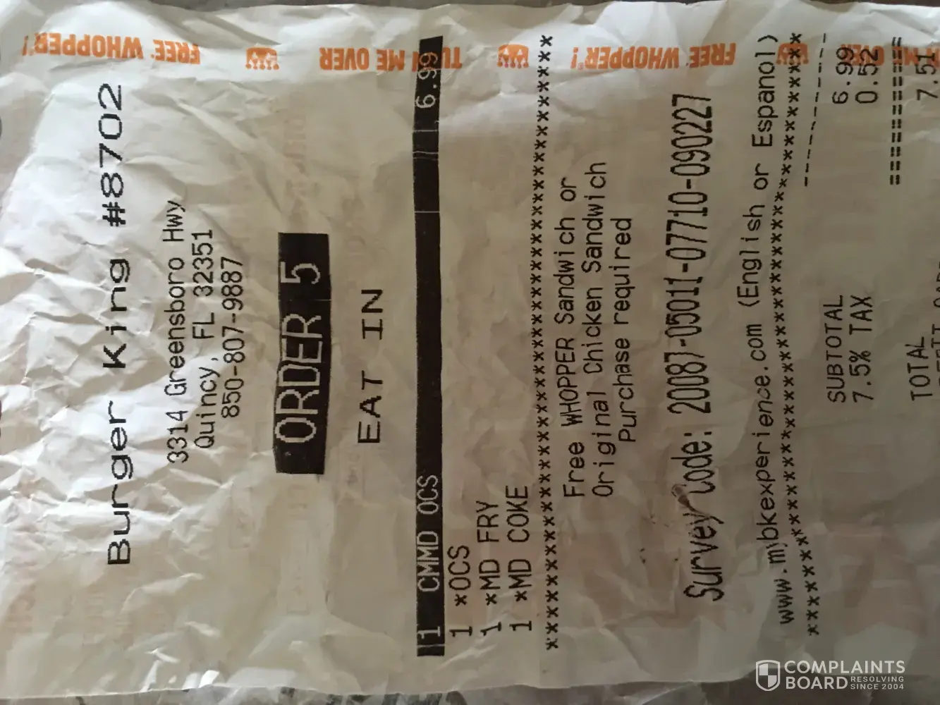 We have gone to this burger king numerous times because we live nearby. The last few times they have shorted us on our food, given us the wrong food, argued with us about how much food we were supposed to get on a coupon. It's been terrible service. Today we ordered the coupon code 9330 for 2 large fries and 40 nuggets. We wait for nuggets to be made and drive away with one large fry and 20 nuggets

◆ ◆ ◆ ◆ ◆

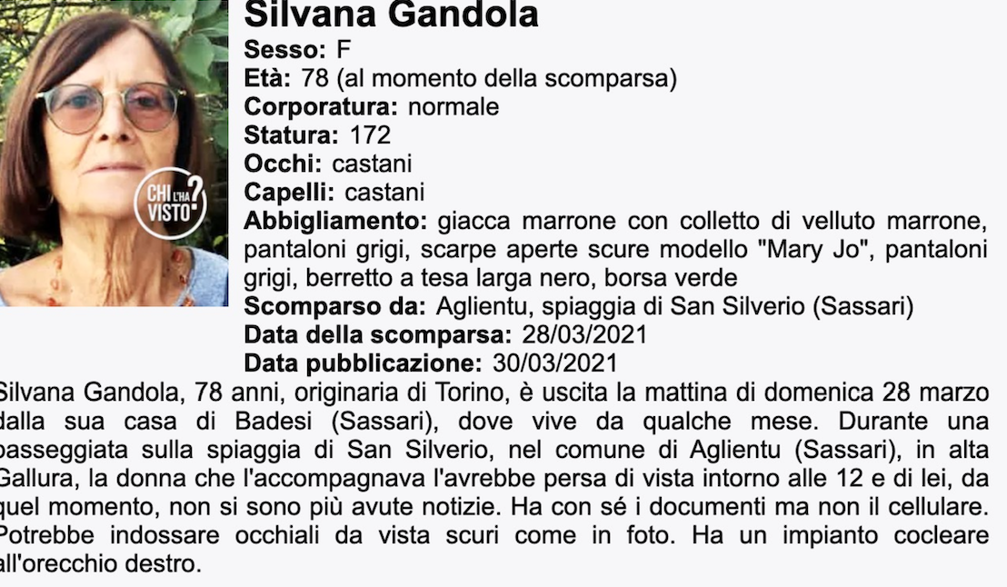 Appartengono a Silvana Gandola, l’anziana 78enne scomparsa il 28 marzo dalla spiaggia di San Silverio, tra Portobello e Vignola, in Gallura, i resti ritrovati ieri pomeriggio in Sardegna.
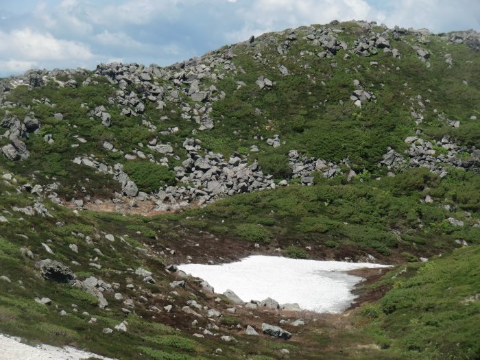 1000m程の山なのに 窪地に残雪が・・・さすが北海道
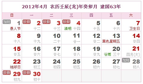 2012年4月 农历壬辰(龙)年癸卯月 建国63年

◆ ◆ ◆ ◆ ◆

● Your objective: Above, find the line holding "1000m程の山なのに 窪地に残雪が・・・さすが北海道" and the line holding "2012年4月 农历壬辰(龙)年癸卯月 建国63年". Print exactly those two lines and every line between them, but no pictures.

● Exercise solution:
 1000m程の山なのに 窪地に残雪が・・・さすが北海道
 2012年4月 农历壬辰(龙)年癸卯月 建国63年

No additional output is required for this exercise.